Your instructions
Down to the last line, reproduce the data that follows, but skip the pictures.

Source data
------------------------------------------------------------
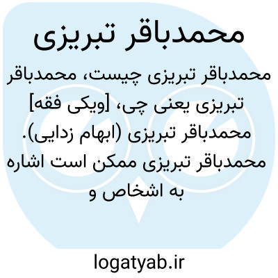 [ویکی فقه] محمدباقر تبریزی (ابهام زدایی). محمدباقر تبریزی ممکن است اشاره به اشخاص و شخصیت های ذیل باشد: • محمدباقر ارونقی تبریزی اصفهانی، از فضلای قرن دوازدهم هجری در اصفهان• محمدباقر بن علی تبریزی اصفهانی، از علماء قرن دوازدهم هجری در اصفهان
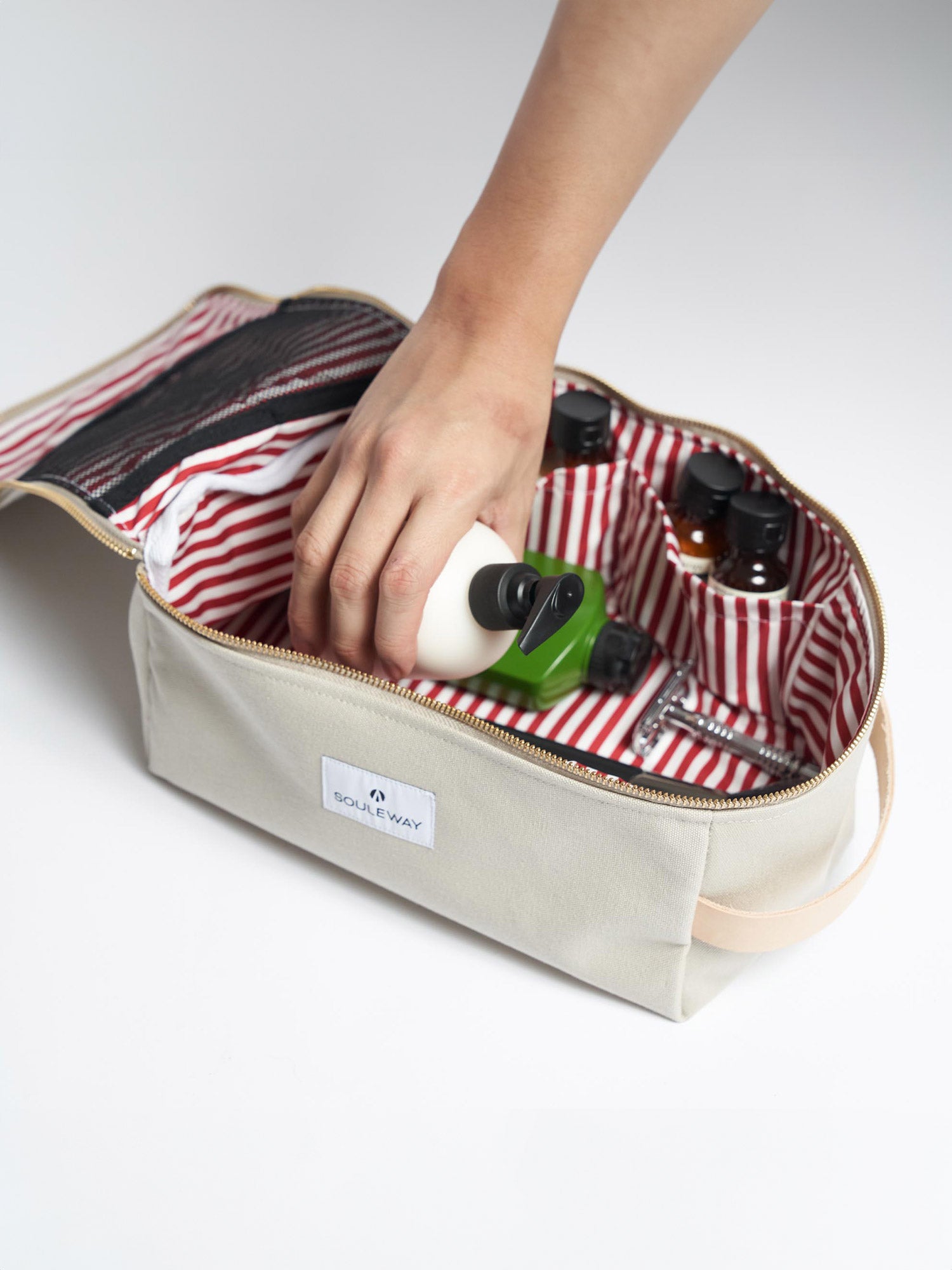 Dieser große Kulturbeutel wird aus wasserabweisendem Canvas gefertigt und mit Details aus pflanzlich gegerbtem Leder versehen. Mit dem minimalistischen Souleway-Look und dem funktionalen Innenleben mit sechs Innenfächern begleitet er dich zuverlässig auf jeder zukünftigen Reise.
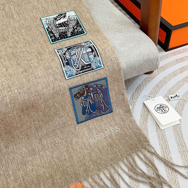 エルメス カシミヤマフラー 偽物《バッジ・ソワ》 H394801T01
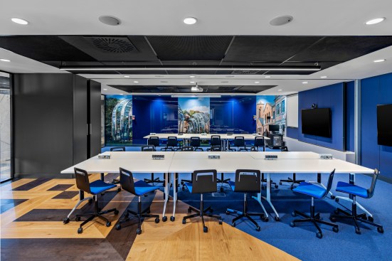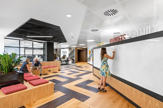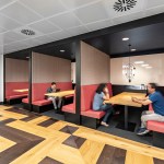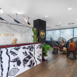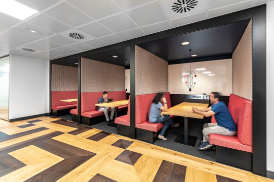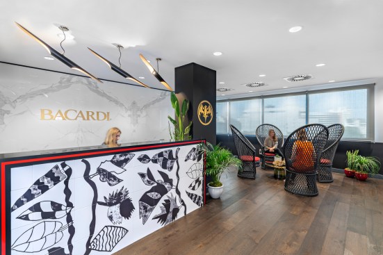 Seamlessly incorporating five distinctive brands into the single-floor workspace was challenging, but IA’s experience designing Bacardi’s London office and close work with client teams to craft the brand expression paved the way. Bacardi’s classic, signature artwork, adapted for bespoke solutions, is seen across tiles, fabrics, and wall coverings.
------------------------------------------------------------
Answer to this task
 [ویکی فقه] محمدباقر تبریزی (ابهام زدایی). محمدباقر تبریزی ممکن است اشاره به اشخاص و شخصیت های ذیل باشد: • محمدباقر ارونقی تبریزی اصفهانی، از فضلای قرن دوازدهم هجری در اصفهان• محمدباقر بن علی تبریزی اصفهانی، از علماء قرن دوازدهم هجری در اصفهان
 Dieser große Kulturbeutel wird aus wasserabweisendem Canvas gefertigt und mit Details aus pflanzlich gegerbtem Leder versehen. Mit dem minimalistischen Souleway-Look und dem funktionalen Innenleben mit sechs Innenfächern begleitet er dich zuverlässig auf jeder zukünftigen Reise.
 エルメス カシミヤマフラー 偽物《バッジ・ソワ》 H394801T01
 Seamlessly incorporating five distinctive brands into the single-floor workspace was challenging, but IA’s experience designing Bacardi’s London office and close work with client teams to craft the brand expression paved the way. Bacardi’s classic, signature artwork, adapted for bespoke solutions, is seen across tiles, fabrics, and wall coverings.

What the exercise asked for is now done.